At least in Java, C#, Golang. And even psycopg2 offers a Pooling Abstraction (I guess it's not used in Django, but SQLAlchemy offers that aswell) But of course running a blocking driver atop a non-blocking framework does not give the best performance.
However just challenging it without proof is not really that useful.
Also some workloads are better for Threaded Servers while others are better in Async Fashion, it's also highly unlikely that just wrapping your Database connection in a Async function that it will be faster or better suited for a async workload. If you are not non-blocking from the ground up you will still carry a lot of overhead around.

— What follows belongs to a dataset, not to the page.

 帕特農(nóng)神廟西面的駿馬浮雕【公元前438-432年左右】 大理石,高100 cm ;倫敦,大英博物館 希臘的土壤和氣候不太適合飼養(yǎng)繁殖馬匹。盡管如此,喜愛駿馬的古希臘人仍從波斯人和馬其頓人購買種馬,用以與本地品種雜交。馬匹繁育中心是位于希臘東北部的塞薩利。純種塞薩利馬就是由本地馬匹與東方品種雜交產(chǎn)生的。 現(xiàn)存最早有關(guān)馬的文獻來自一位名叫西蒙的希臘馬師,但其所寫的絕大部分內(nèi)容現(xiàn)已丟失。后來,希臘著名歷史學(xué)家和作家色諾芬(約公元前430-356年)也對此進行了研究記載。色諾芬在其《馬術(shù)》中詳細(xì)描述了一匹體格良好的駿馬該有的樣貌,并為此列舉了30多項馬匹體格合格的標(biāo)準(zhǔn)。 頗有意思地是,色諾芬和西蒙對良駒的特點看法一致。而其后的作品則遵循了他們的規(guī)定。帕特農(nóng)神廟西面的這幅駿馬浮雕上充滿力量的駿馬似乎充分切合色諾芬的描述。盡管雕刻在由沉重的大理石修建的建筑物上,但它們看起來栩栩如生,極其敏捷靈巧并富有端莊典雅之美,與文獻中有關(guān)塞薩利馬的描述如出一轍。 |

OK but you're doing....500 req/s let's say, so, if base latency is 50ms, you're going to have at least 25 requests in play at once, so that's 500 database connections. That's one worker process. If your site is using....two app servers, or your web service has multiple worker processes, or etc., now you have 1000, 1500, etc. database connections in play at capacity. This is a lot. Not to mention you'd better be using a middleware connection pool if you have that many connections per process to at least reduce the DB connection use for processes that aren't at capacity.

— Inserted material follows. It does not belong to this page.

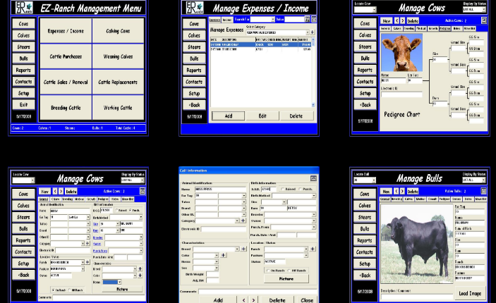 Track All ranch farm expenditures and income received for custom categories designed by you. Create professional itemized reports for tax preparation and filing. Use the search features to view or print any receipt or check number instantly. All reports can be generated monthly, quarterly, or annually by using the “Date Range” print menu. This allows multiple years of data to be stored for year-to-year comparison. Breed an animal “Natural, Artificially, or Embryo Transfer”. You can also “Turn In” or “Remove” a bull from a group of cattle. Easily Add a Cow, Calf, Steer or Bull by clicking this button. This feature will automatically “Add” a new animal and await you to enter all related information. Calve an individual or group of cattle all from one screen. Wean an individual or group or cattle all from one screen. Promote an individual or group of calves to a “Cow”, “Steer”, or “Bull” all from one screen.

On MySQL, each DB connection is a thread (MariaDB has a new thread pooling option also), so after all the trouble we've gone to not use threads, we are stuck with them anyway. On Postgresql, each DB connection is a fork(), and they also use a lot of memory. In both of these cases, we have to be mindful of having too many connections in play for the DB servers to perform well. We're purposely using many, many more DB connections than we need on the client side to try to grab at some fleeting performance gain by stacking small queries among several transactions/connections per request which is not how these databases were designed to be used (a DB like Redis, sure, but an RDBMS, not so much), and on the client side, I still argue that the overhead of all the async primitives is going to be in a very tight race to not be ultimately slower than running the queries in serial (plus the code is much more complicated), and throughput across many requests is reduced using this approach. Marginal / fleeting gains on the client vs. huge price to pay on the server + code complexity + ACID is gone makes this a pretty tough value proposition.

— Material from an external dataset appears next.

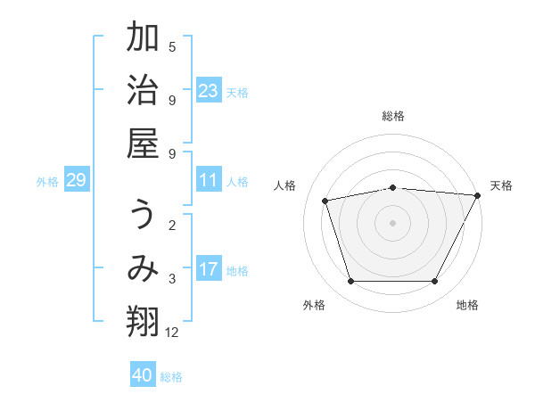 加治屋 うみ翔さんの天格は23画の5点!

Postgresql wiki at https://wiki.postgresql.org/wiki/Number_Of_Database_Connecti...: "You can generally improve both latency and throughput by limiting the number of database connections with active transactions to match the available number of resources, and queuing any requests to start a new database transaction which come in while at the limit. ". Which means stuffing a load of connections per request means you're limiting the throughput of your applications....and throughput is the reason we'd want to use non-blocking IO in the first place.
> However just challenging it without proof is not really that useful.
this is all about a commonly made assertion (async == speed) that is never shown to be true and I only ask for proof of that assertion. Or maybe if blog posts like this one could be a little more specific in their language, which would go a long way towards bringing people back into reality.
yes there are workloads, where everything you says is true. but most other workloads, like 80% of all the web pages don't need what you describe.
also some pages don't have a conventionell database at all. some people have a cache or some other services in place, some people use microservices, some people connect to other internet providers, other services like lpd/ipp etc. the world is just not black and white. everything what you describe is uterly crap since you just try to talk around, cause your application is not as complex as others. and yes in prolly 60-70% of the cases async will not yield more "speed"/"performance" however you call it.
I work with Openstack. I don't think you're going to find something more complicated :). (it does use eventlet for most services , though it's starting to move away from that model back to mod_wsgi / threads).